No tiene que ver con correr, pero si se me permite que me desvíe un poco del tema, diré que, en mi caso, lo mismo podría decirse respecto al estudio. En general, desde primaria hasta la universidad y salvo muy contadas excepciones, nunca llegué a sentir interés por esos estudios que te obligaban a efectuar allí. Convenciéndome a mí mismo de que aquello eran cosas que había que hacer, fui tirando más o menos y conseguí llegar hasta la universidad, pero no hubo prácticamente ni una sola vez en que el estudio me resultara atractivo. Así pues, no sacaba unas notas tan nefastas que diera miedo verlas, pero tampoco recuerdo nada digno de loa, como haber quedado el primero en algo o que me elogiaran por mis buenas notas. Empecé a experimentar interés por el estudio cuando, tras superar como pude el sistema educativo establecido, me convertí en lo que llaman un «miembro hecho y derecho de la sociedad». Comprendí que, si investigaba en los ámbitos que me interesaban a mi ritmo y a mi gusto, asimilaba técnicas y conocimientos de un modo extremadamente eficaz. Es lo que me ocurrió, por ejemplo, con las técnicas de traducción, que fui aprendiendo una por una, a mi estilo y por mi cuenta y riesgo. Así, acumulando ensayos y errores, tardaba mucho tiempo hasta que tomaban forma, pero lo que aprendía lo hacía mío para siempre.
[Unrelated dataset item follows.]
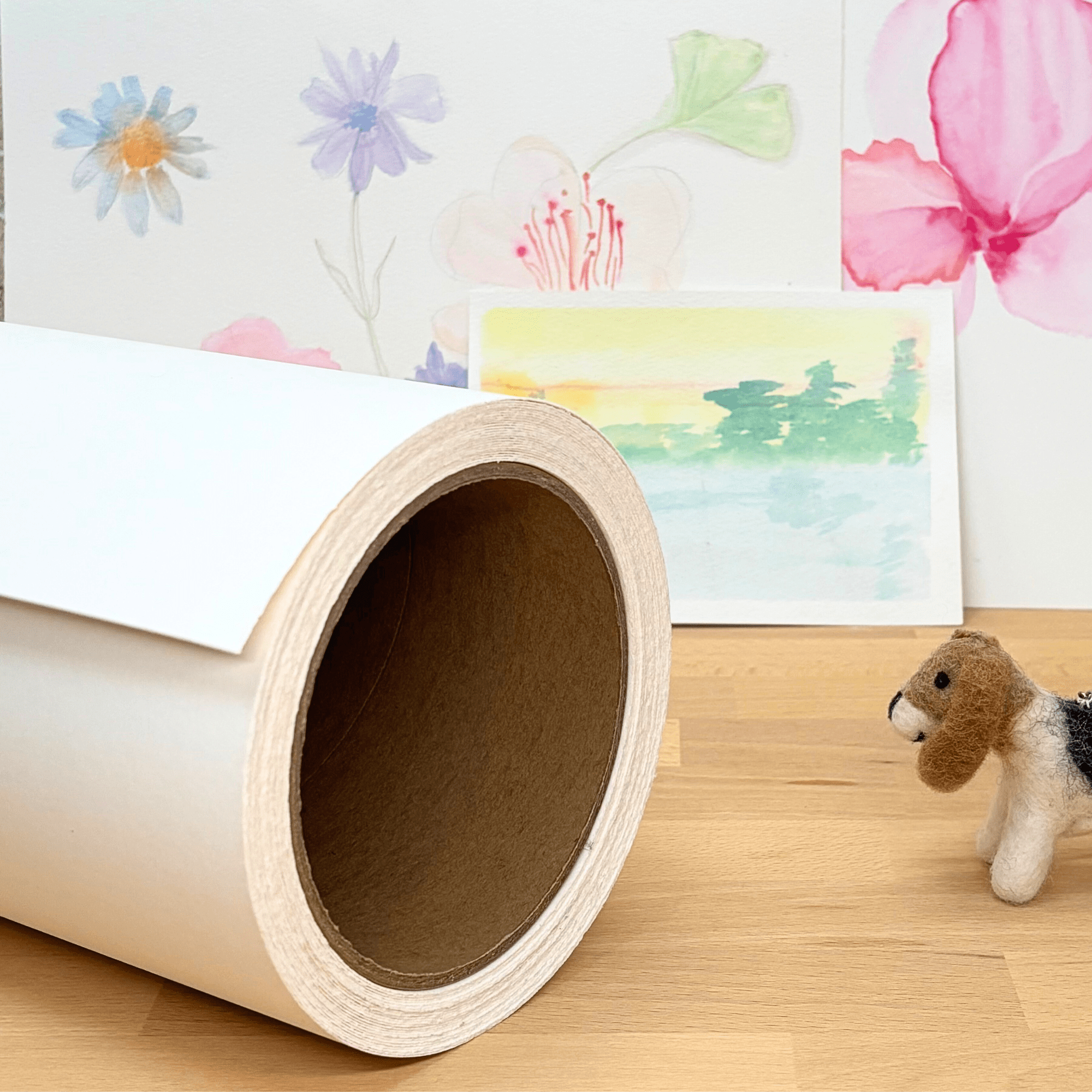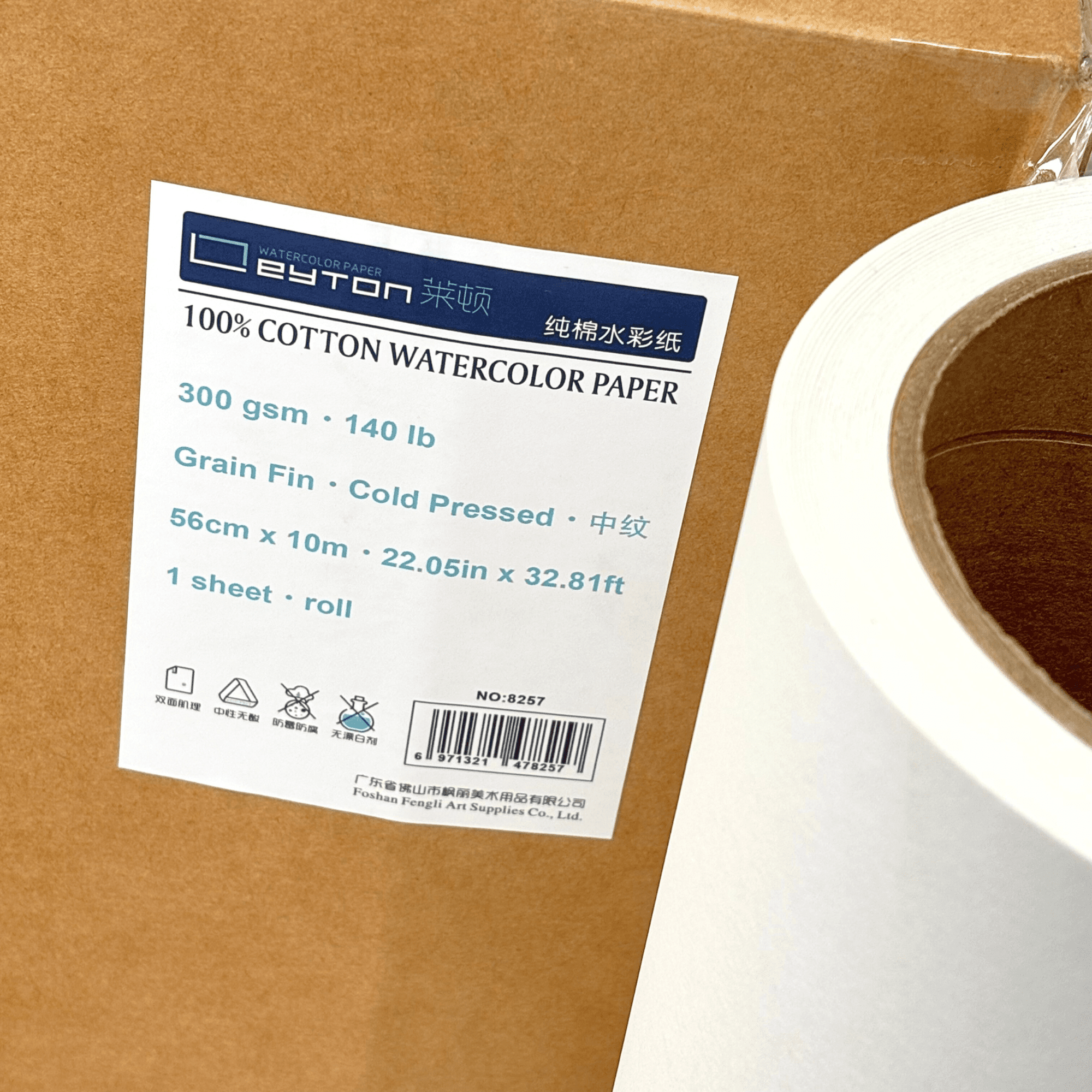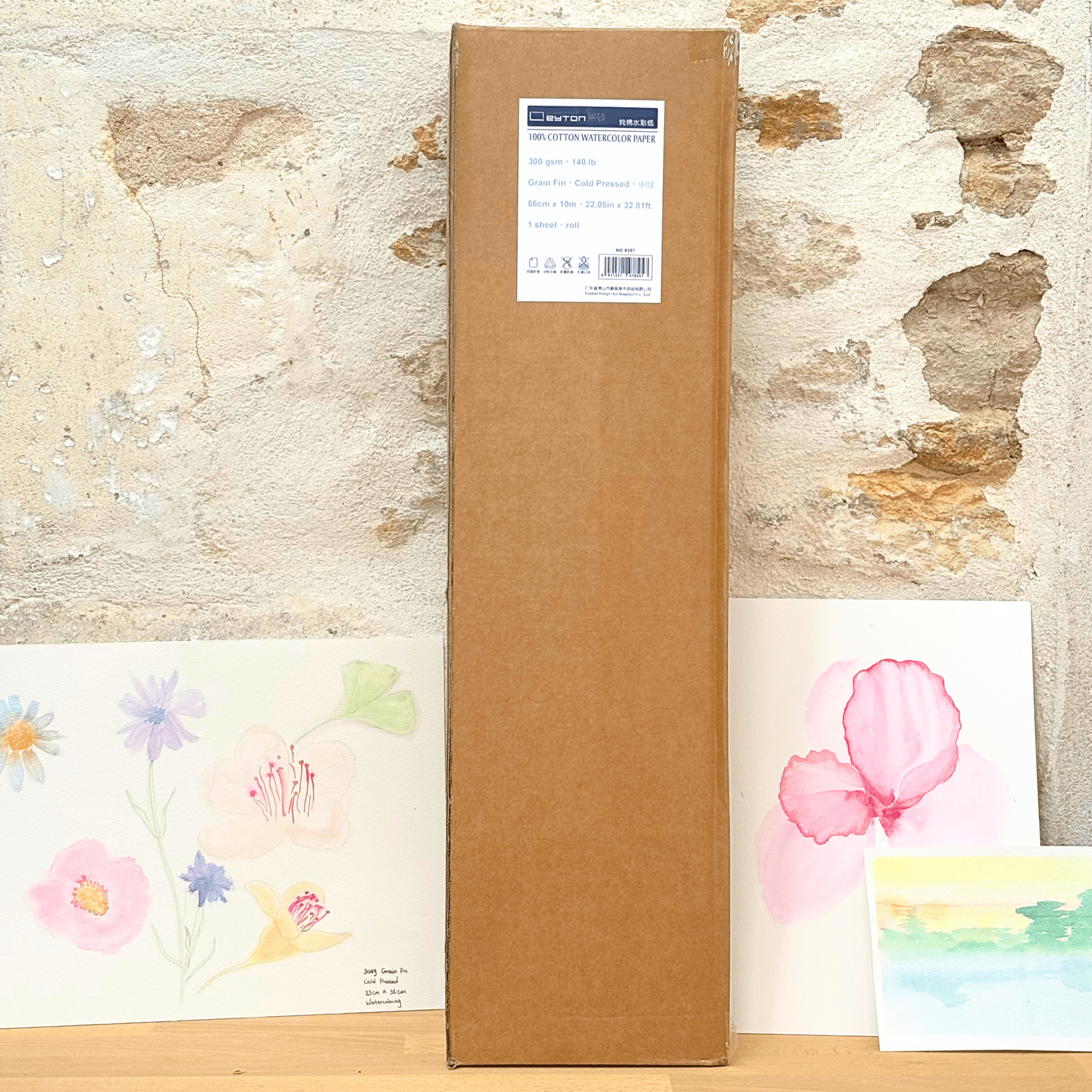 Le rouleau de papier d’aquarelle Leyton, une grande feuille de 10 mètres de long, 56cm de large, 100% coton , 300g (140lb) , Grain Fin, pressé à froid, non blanchi et sans acide, qualité artiste.

Lo que más feliz me hizo al convertirme en novelista fue poder levantarme y acostarme temprano. Cuando llevaba el negocio del bar, con frecuencia me iba a la cama poco antes del amanecer. Cerraba a las doce, lo recogía todo, sumaba las notas de los pedidos que habían hecho los clientes y, para aliviar la tensión, charlaba de cosas intrascendentes y bebía algo de alcohol. Haciendo este tipo de cosas, enseguida te dan las tres de la mañana. Y eso es como decir que ya no falta mucho para que se haga de día. Muchas veces, sentado yo solo frente a la mesa de la cocina mientras escribía, pude contemplar como el cielo clareaba poco a poco por levante. Y, naturalmente, cuando me despertaba, el sol estaba ya en lo alto.
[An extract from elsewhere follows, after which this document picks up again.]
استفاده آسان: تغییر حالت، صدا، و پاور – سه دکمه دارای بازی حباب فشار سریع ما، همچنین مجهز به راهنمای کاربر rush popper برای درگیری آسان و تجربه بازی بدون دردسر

Cuando dejé el negocio y comencé mi vida como novelista, lo primero que hicimos (me refiero a mi esposa y a mí) fue modificar nuestro modo de vida. Decidimos despertarnos con la salida del sol y acostarnos lo antes posible cuando oscureciera. Eso era lo que considerábamos una vida natural. Una vida de gente decente. Como ya habíamos dejado la hostelería, podíamos vernos sólo con las personas a las que quisiéramos ver y hacer todo lo posible por no vernos con las que no. Sentíamos que, al menos durante un tiempo, podíamos permitirnos ese pequeño lujo. Sonará repetitivo, pero a mí, por naturaleza, no se me dan bien las relaciones sociales. Tenía la necesidad de retornar a mi forma de ser originaria.

Dimos un fuerte golpe de timón para virar en redondo desde nuestros siete años de vida de «apertura» hacia una vida de «cierre». Creo que esa etapa de «apertura» constituyó una buena experiencia. Si lo pienso, comprendo que aprendí muchas cosas importantes. Esa época fue para mí algo así como la educación general básica de la vida, mi verdadera escuela. Pero no podía continuar eternamente con ese tipo de vida. Y es que la escuela es un lugar en el que se entra, se aprende algo y se sale.
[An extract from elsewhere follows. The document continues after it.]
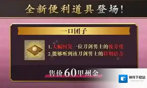 本次活动结束后,仍可在万屋购买一口团子,依旧可以使用道具一口团子恢复刀剑男士疲劳值,并听到特殊语音。

De este modo iniciamos una vida sencilla y regular en la que nos levantábamos antes de las cinco de la mañana y nos acostábamos antes de las diez de la noche. La franja horaria del día en la que uno rinde más depende, por supuesto, de cada persona, pero, en mi caso, es la de las primeras horas de la mañana. En ellas concentro mi energía y consigo terminar las tareas más importantes. En las demás horas hago deporte, despacho las tareas cotidianas y ventilo los asuntos que no precisan de demasiada concentración. Al ponerse el sol, ya no trabajo. Leo libros, escucho música, me relajo y me acuesto lo antes posible. Hasta hoy, mis días han seguido más o menos ese patrón. Y creo que, afortunadamente, en estos veinte años he desarrollado mi trabajo con bastante eficiencia. Ahora bien, si se lleva esta clase de vida, cosas como las salidas nocturnas desaparecen casi por completo y las relaciones sociales sin duda también se van resintiendo. Alguno incluso se ofende. Porque si te invitan a ir a algún sitio o te proponen hacer algo, entonces hay que declinar la invitación.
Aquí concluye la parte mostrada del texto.